# PYNQ‑Z2 Lab Protocol: YUV Filter with Streams + DMA

**Audience:** Embedded Systems students
**Board:** PYNQ‑Z2 (Zynq‑7020)
**Tools:** Vitis HLS, Vivado, PYNQ (Jupyter)
**Goal:** Implement a streaming RGB→YUV→filter→RGB accelerator, integrate it with AXI DMA, and measure speedup vs. a Python baseline.

---

## Why filter in YUV?

* **Perceptual separation:** YUV splits luminance (**Y**) from chrominance (**U, V**). Many visual tasks—brightness/contrast tweaks, denoising, edge enhancement—primarily affect **Y** without shifting color.
* **Cleaner color handling:** Adjusting **Y** avoids RGB cross‑talk; color fidelity holds while brightness changes. You can also filter **U/V** (e.g., chroma noise reduction) independently.
* **Bandwidth & compression awareness:** Video systems commonly operate in YUV (e.g., 4:2:0). Thinking in YUV maps to real pipelines students will meet in the wild.
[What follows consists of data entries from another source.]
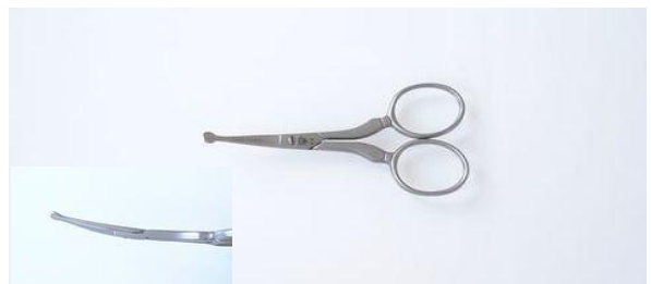
44359 ステン/サテン 鼻毛切鋏(反) 終了
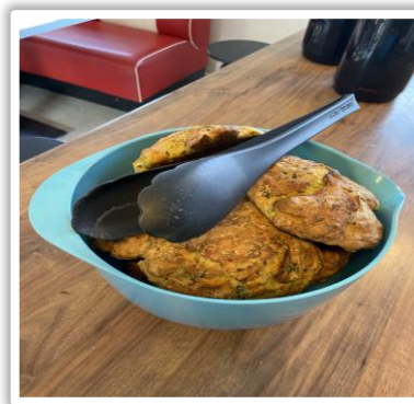
Hver eftermiddag serveres eftermiddagssnack- for at minske sulten inden aftenmsamden.
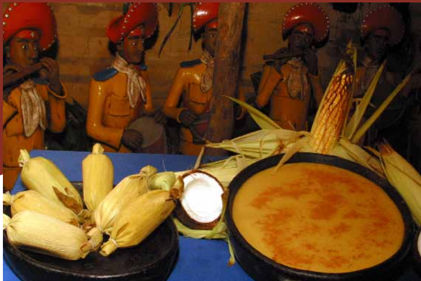
Foto: Prato típico nordestino - Pamonha e Curau / Hans - Ministério do Turismo

From the French lands, came the steps and markings inspired on the European royalty dance. From China, the famous fireworks. The strips dance, pretty common in South of Brazil, is original from Portugal and Spain.
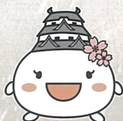
姫路市キャラクター しろまるひめ
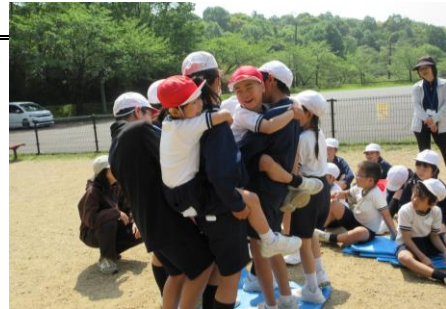
ゲーム「ブルーシート島」

みんなでなかよく遊んで, おいしいお弁当をおなかいっぱい食べて, そして一人一人のよさややさしさがたくさん集まって, 笑顔あふれる遠足になりました。
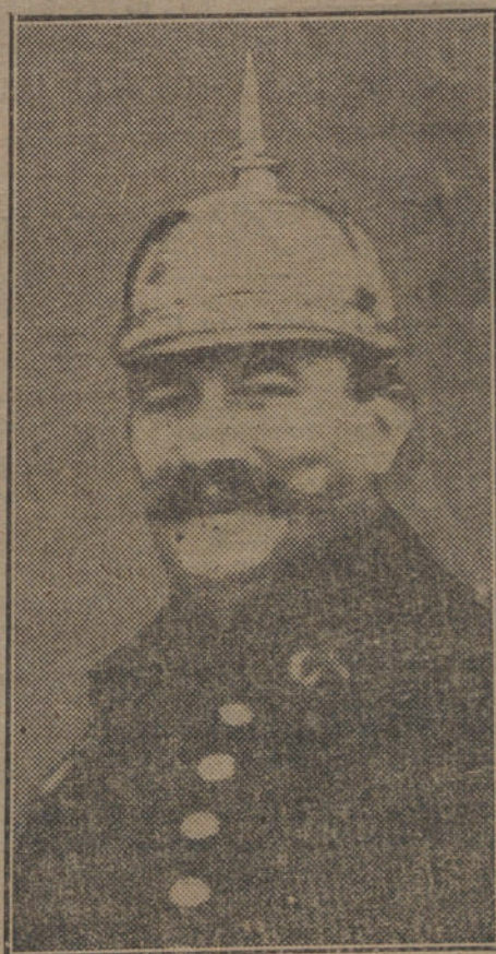
El general Berenguer, nuevo residente en Marruecos.

El jefe del Gobierno ha conseguido, al fin, que acepte el general Berenguer el cargo de alto comisario en Marruecos.
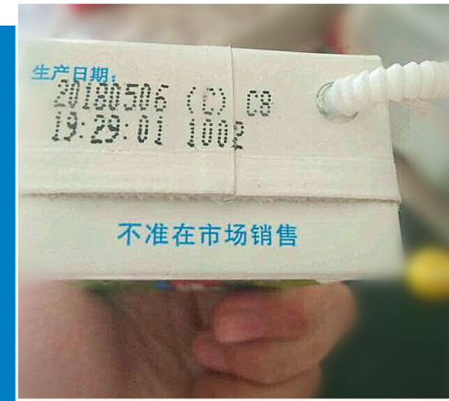
图为家长提供的过期牛奶包装盒。

近日,有一些家长致电晚报热线反映,孩子在幼儿园的一次加餐中饮用了过期牛奶,有点担心孩子的健康受到影响,希望晚报记者予以关注。
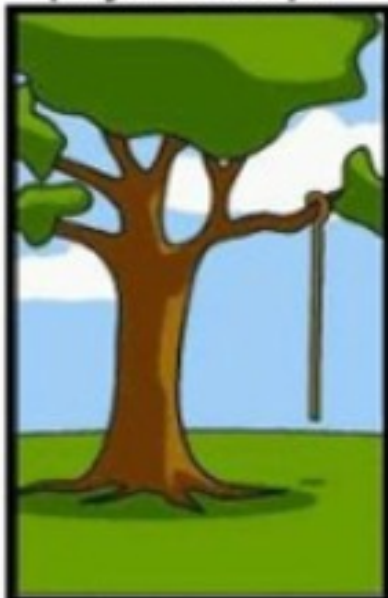
Ce qui a finalement été installé
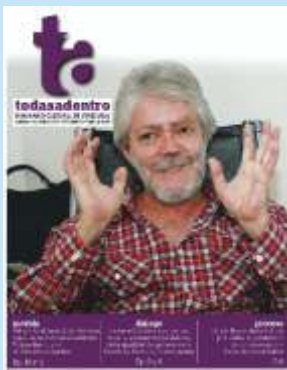
A derradeira entrevista

En “Nada será mientras no vengas”, a identificación entre a letra e a melodía musical alcanza outra vez unha harmonía perfecta. Cúmrese así o anxeio de Farruco Sesto manifestado nos versos de “Camarada, camarita”, outra das cancións do CD: “La música se ha encontrado con el sabor del poema”.
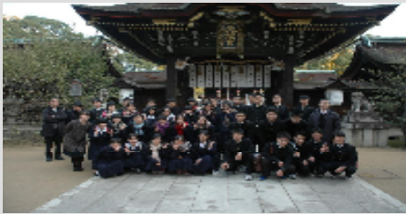
【北野天満宮】：心機一転！
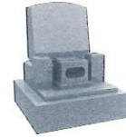
1.0 聖地<洋墓> 900,000円～
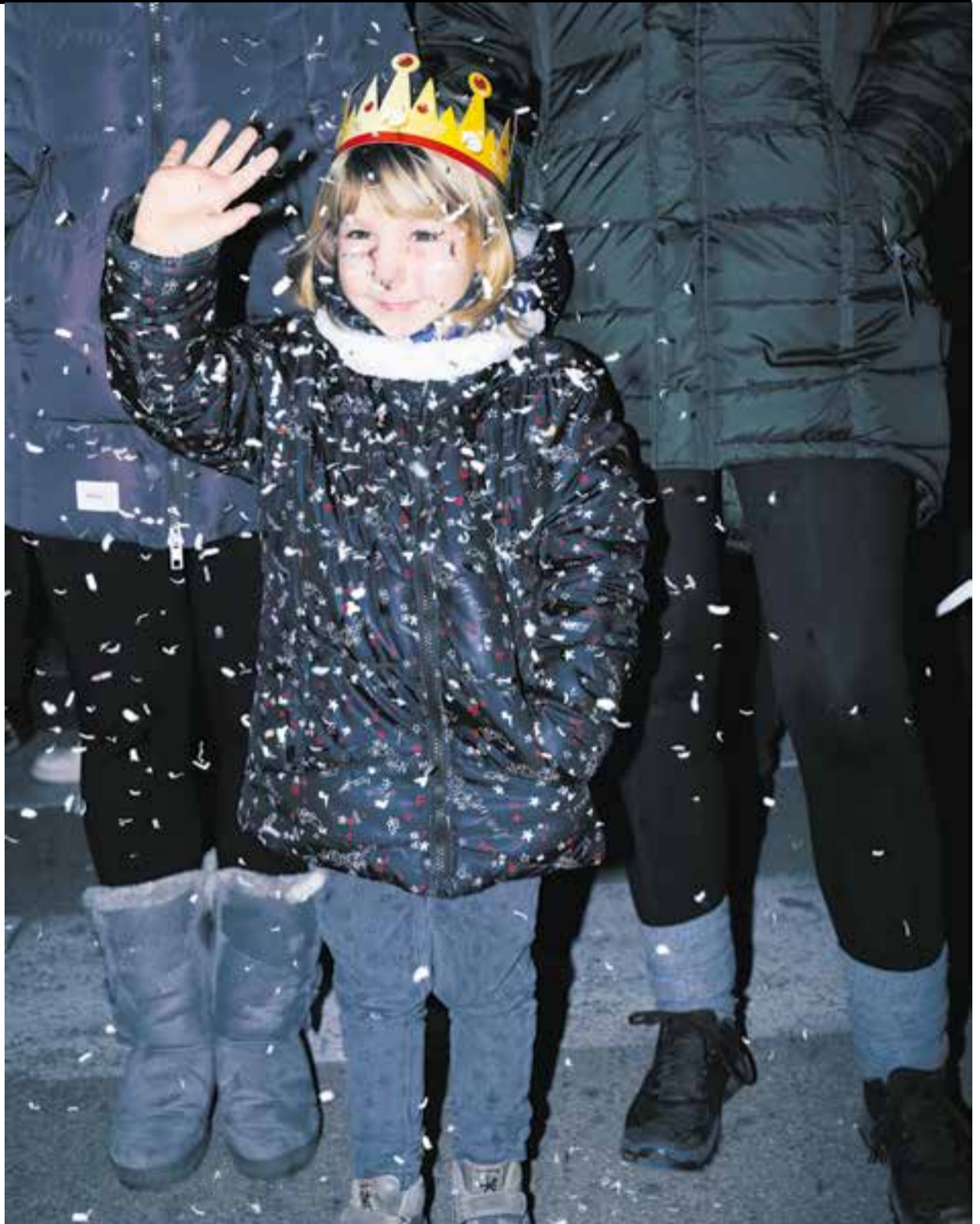
ELS REIS DE CASTELLAR || Una cavalcada multitudinària va emocionar i va fer vibrar petits i grans dijous passat durant la nit de Reis. A la imatge, un infant saluda els Reis al seu pas pels carrers de la vila. || Q. PASCUAL ACTUALITAT | P 02
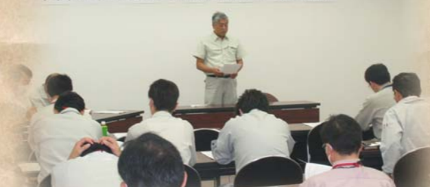
H21.5.28 兵庫工事事務所管内安全協議会設立 兵庫工事事務所管内安全協議会 設立総会

「無事故・無災害の達成」「よりよい品質を納める」を目標に兵庫工事事務所安全協議会を発足しました。
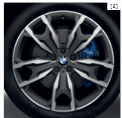
Abbildung zeigt BMW X4 xDrive30i als Modell M Sport X in der Außenfarbe Sophistograu metallic, optionale 20" M Leichtmetallräder Doppelspeiche 787 M mit Mischbereifung.

* Detaillierte Informationen und Abbildungen zu den verfügbaren Lackierungen, Polsterungen, Interieurleisten und Rädern finden Sie im Katalog.
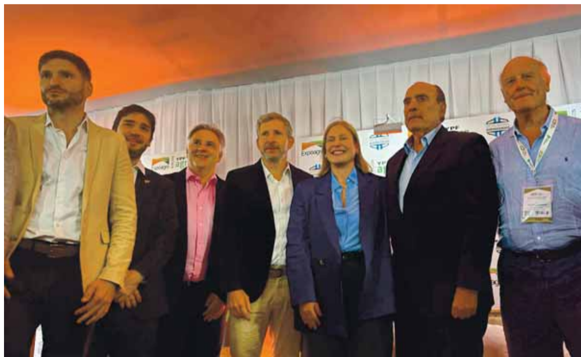
En la Expoagro, Llaryora compartió cuadro con sus pares de Entre Ríos, Santa Fé y Chubut junto al jefe del Gabinete nacional, Guillermo Francos.

No solo eso, sino que la suba del impuesto al inmobiliario rural se sumó a la lista de razones por las que Provincia debía revisar su programa de acción con el campo. Se habló de “traición” desde la Sociedad Rural de Río Cuarto, por ejemplo. Tras esto, el mandatario
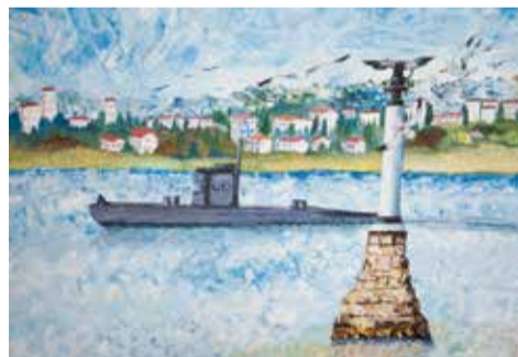
Рисунок Саша Бородина

«Война за океан» отражают героизм и повседневную службу на благо Отечества подводников Военно-морского флота России.
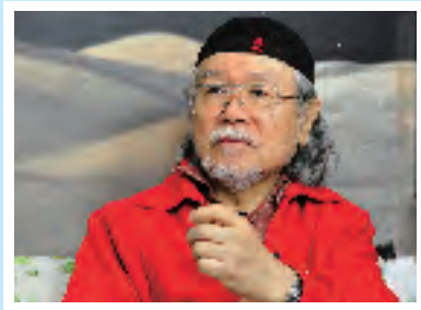
기타큐슈시 만화 박물관
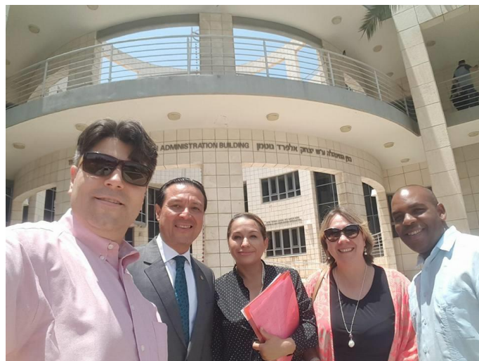
Embajadores del SICA en la Universidad Tel Aviv

Adicionalmente, se conversó sobre la disponibilidad de becas para estudiantes de la región del SICA que quieran venir a estudiar a este importante centro de estudios universitarios en Israel.
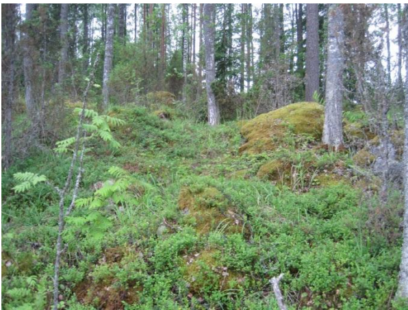
Kuva 119. Paasivuoren rinnettä Syrjälän seutuvilla

Paasivuoren etelärinteellä Niinistönahon ja Syrjälän tilojen ja peltojen välissä Paasivuori on louhikkoista metsää, joka kasvillisuudeltaan ja lähimaisemaltaan muistuttaa Päijänteen jyrkkiä ja louhikkoisia rantoja. Paasivuoren itärinteessä on kolme taloa, muun muassa Kaartee ja itälaidan Pohjoonlahden rantaan on rakennettu mökkejä. Sieltä löytyy rauhoitettu hiidenkirnu. Mökkien ja maantien välissä on pieni pelto, lehtipuustoa ja yksi kalliokumparekin. Niinistönahon ja Syrjälän metsissä kasvillisuudesta löytyy lehtokasveja: kevätlinnunherne, sudenmarja ja valkolehdokki . Alueella on aiemmin tavattu liito-oravaa , josta merkkejä löytyi myös kesän 2014 käynnillä (1.7.), vaikkakin eri kohdista kuusten ja haapojen juurelta ( liito13 ).
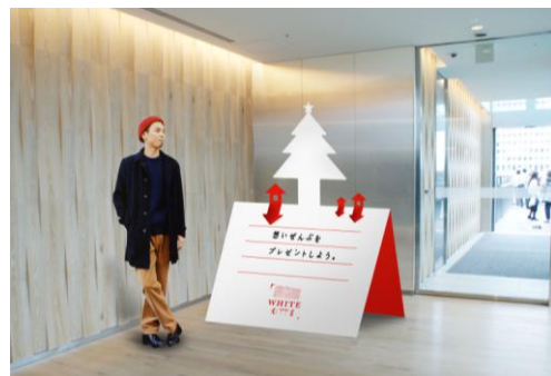
クリスマスカード型フロアオブジェイメージ

12月2日のツリー設置以降、週末を中心にクリスマスソングやスタンダードナンバーなどのライブを予定しています。
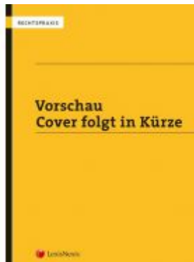
Wörterbuch Recht - Italienisch – Deutsch / Deutsch – Italienisch Ladenpreis: 49,00 EUR
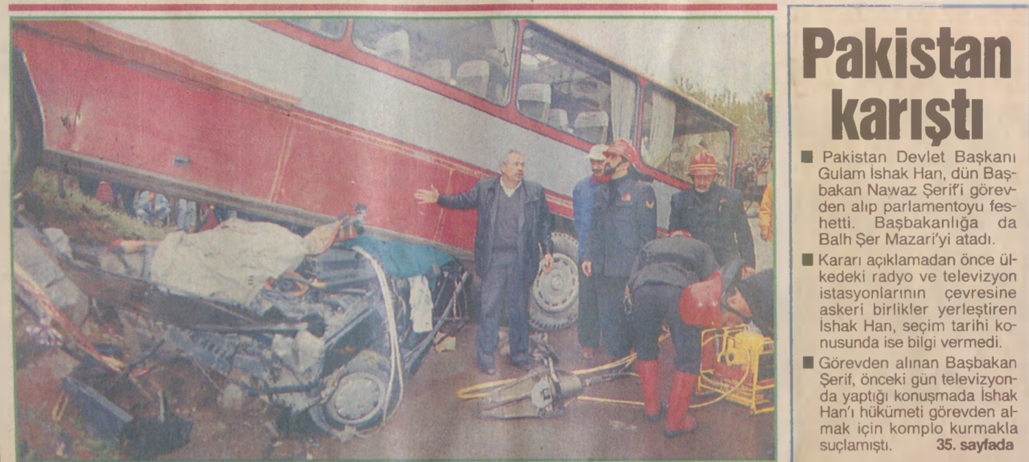
KORKUNÇ MANZARA İçinde gelin damat ile üç kişinin bulunduğu otomobili sürükleyen otobüs, yoldan çıkarak durabildi. Gelin arabasında bulunanlar parçalanarak öldü.

Bekleyen tasarı Hâkimler ve savcılara, bir türlü yasalasamadığı için isyan bayrağı açtın tasarısı, yüzde 100'ü geçen bir maas artışı öngörüyor. Tasarının yasalasması halinde, mesleğe yeni başlayan 8'inci derecenin birinci kademesindeki hâkimin maası, 4 milyon 602 bin liradan 10 milyon 641 bin liraya yükselecek. Hâkim adaylarının maaşları ise 4 milyon 925 bin lira olacak. Birinci sınıfa ayrılmış bir hâkim de, 15 milyon 320 bin lira maaş alacak. Birinci sınıfa ayrılmış, 15 yıllık bir hâkimin maası, 21 milyona yükselecek. Yüksek yargı organlarının üyeleri ile birinci sınıf hâkimler de, 23 milyon 340 bin lira almaya başlayacak.
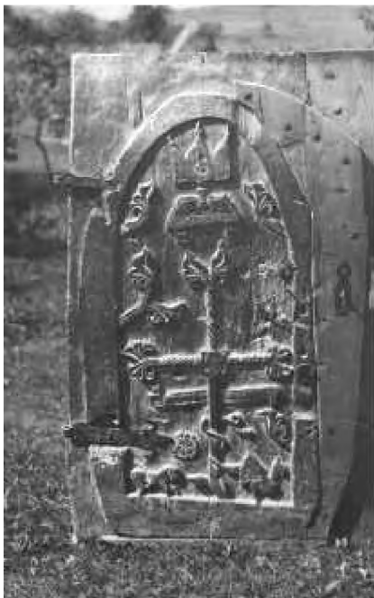
Ușa bisericii din Brădet
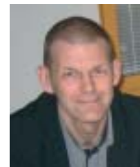
Skrivbenten är utvecklingschef på inskrivningsmyndigheten Lantmäteriet, divisionen för inskrivningsfrågor. Han har under drygt tio år

respektive inskrivningskontor. Det är inte osannolikt att överlåtelsehandlingar som köpekontrakt och köpebrev kan upprättas i digital form direkt istället för att först behöva upprättas på papper för att skannas till elektroniskt överförbart format. Likaså kan de återstående papperspantbrevens upphöra att gälla till förmån för den elektroniska varianten som i huvudsak hanteras redan idag.
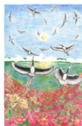
Arthur Grandchamp des Raux
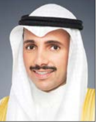
رئيس مجلس الأمة مرزوق الغانم
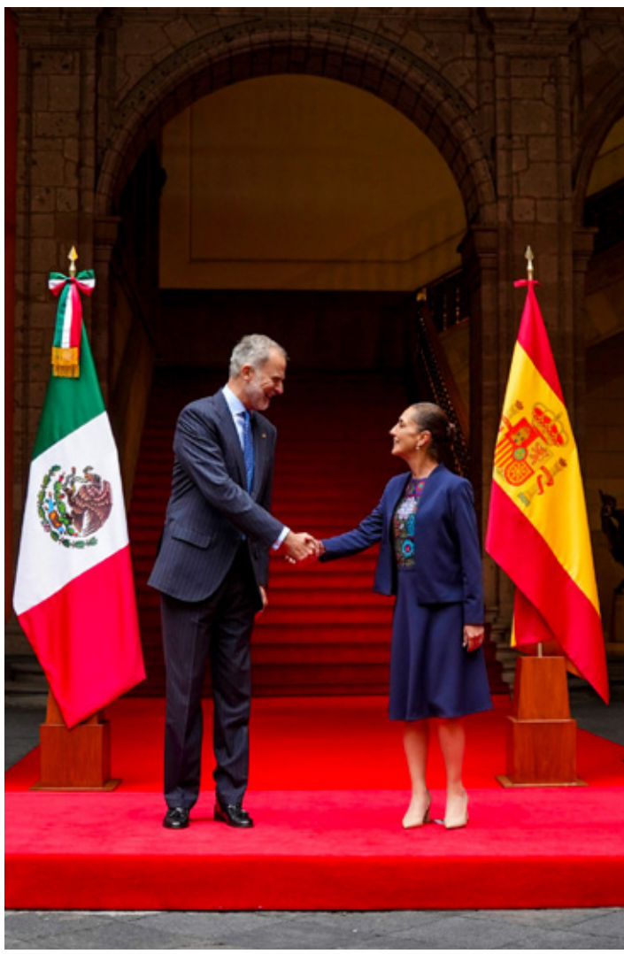
La presidenta Claudia Sheinbaum recibió al Rey Felipe VI de España.
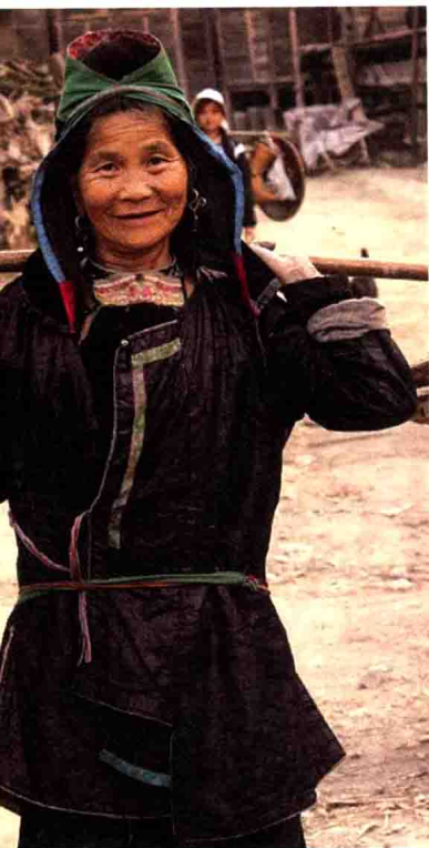
1-2 贵州黎平黄岗侗女服饰
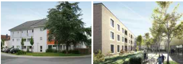
Godesberger Straße 33

Über 1.000 Wohnungen wurden in den letzten Jahren nachträglich mit Aufzügen ausgestattet und seniorenfreundlich umgebaut. Auch unsere Mehrgenerationen-Wohnprojekte bieten attraktiven Wohnraum für ältere Menschen, u.a. in der Godesberger Str. 33 oder neu in der Moritz-von-Schwind-Straße 11
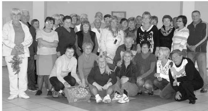
„Oświadczam, że byłem/byłam na Święcie Pieczonego Ziemniaka i bardzo dobrze się bawiłem/bawiłam” pod tymi słowami złożyli podpisy wszyscy widoczni na zdjęciu uczestnicy tej niezwykle udanej imprezy.
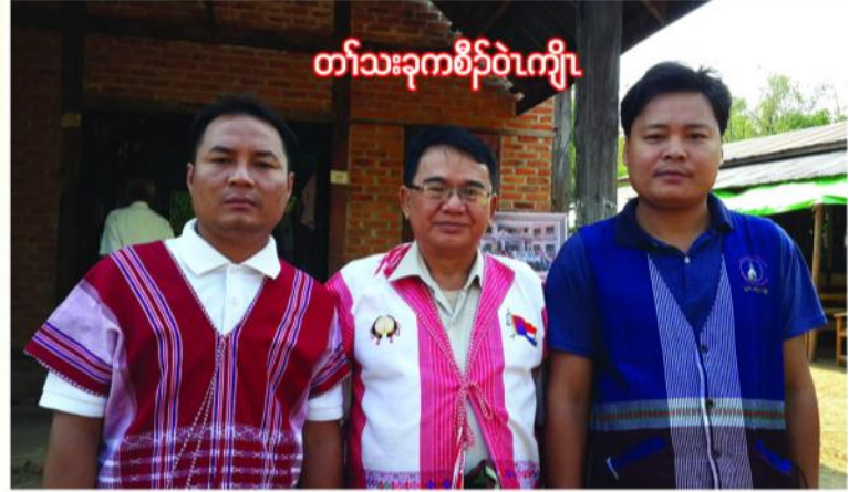
တော်သးခုကစီဝဲကျီ
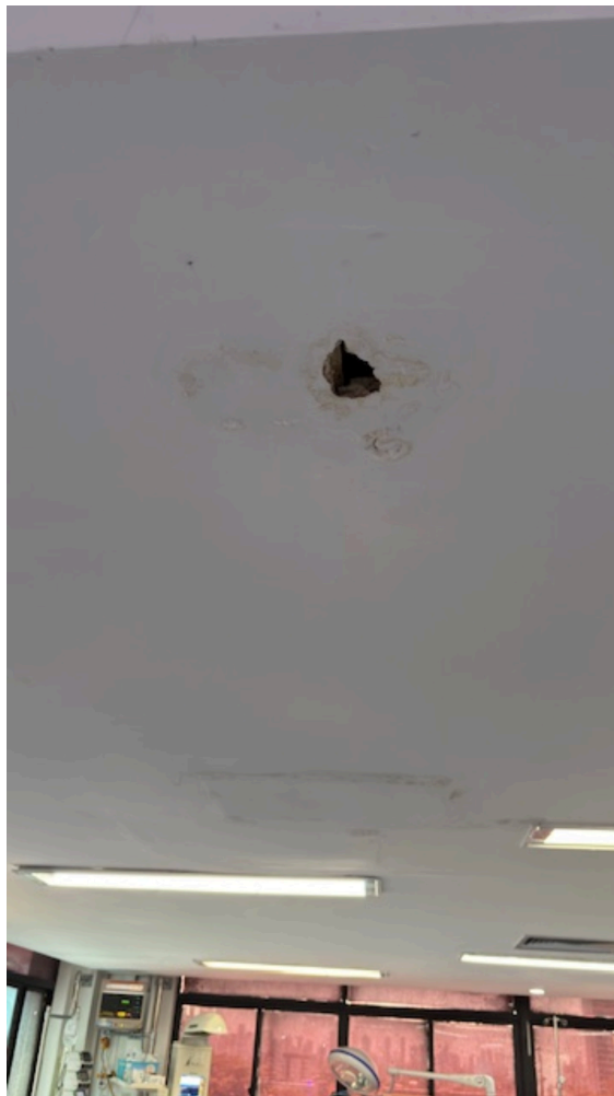
Imagem da 4ª constatação. (9)
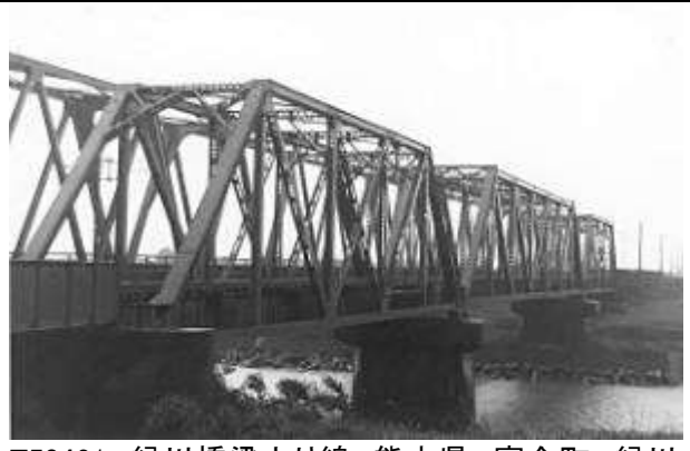
T50421、緑川橋梁上り線、熊本県、富合町、緑川、鹿児島本線、1921
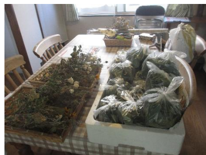
沢山のドライハーブをご用意いただきました

いい香り。今日からアルプスのハイジのように柔らかな香りに包まれて夢を見ることになりそうです。

> In this lab we scale the **Y** channel, then convert back to RGB—simple, visible, and stream‑friendly.

## Why `hls::stream`?

* **Throughput via pipelining:** Streams let stages run concurrently (source → `rgb2yuv` → `scale_y` → `yuv2rgb` → sink).
* **Backpressure built‑in:** AXI‑Stream handshakes (`TVALID/TREADY`) ensure no drops under bursty traffic.
* **Small buffers:** Process pixels as they arrive; avoid full‑frame BRAMs.
* **AXI‑Stream ready:** Streams map naturally to AXIS for DMA/video subsystems.

## Why a DMA engine?

* **Fast PS↔PL transfers:** AXI DMA moves large buffers between DDR and your accelerator without CPU copies.
* **MM2S/S2MM:** Memory‑to‑Stream feeds pixels into the IP; Stream‑to‑Memory collects the results.
* **Scales with image size:** Sustained throughput with minimal CPU involvement; clean timing measurements.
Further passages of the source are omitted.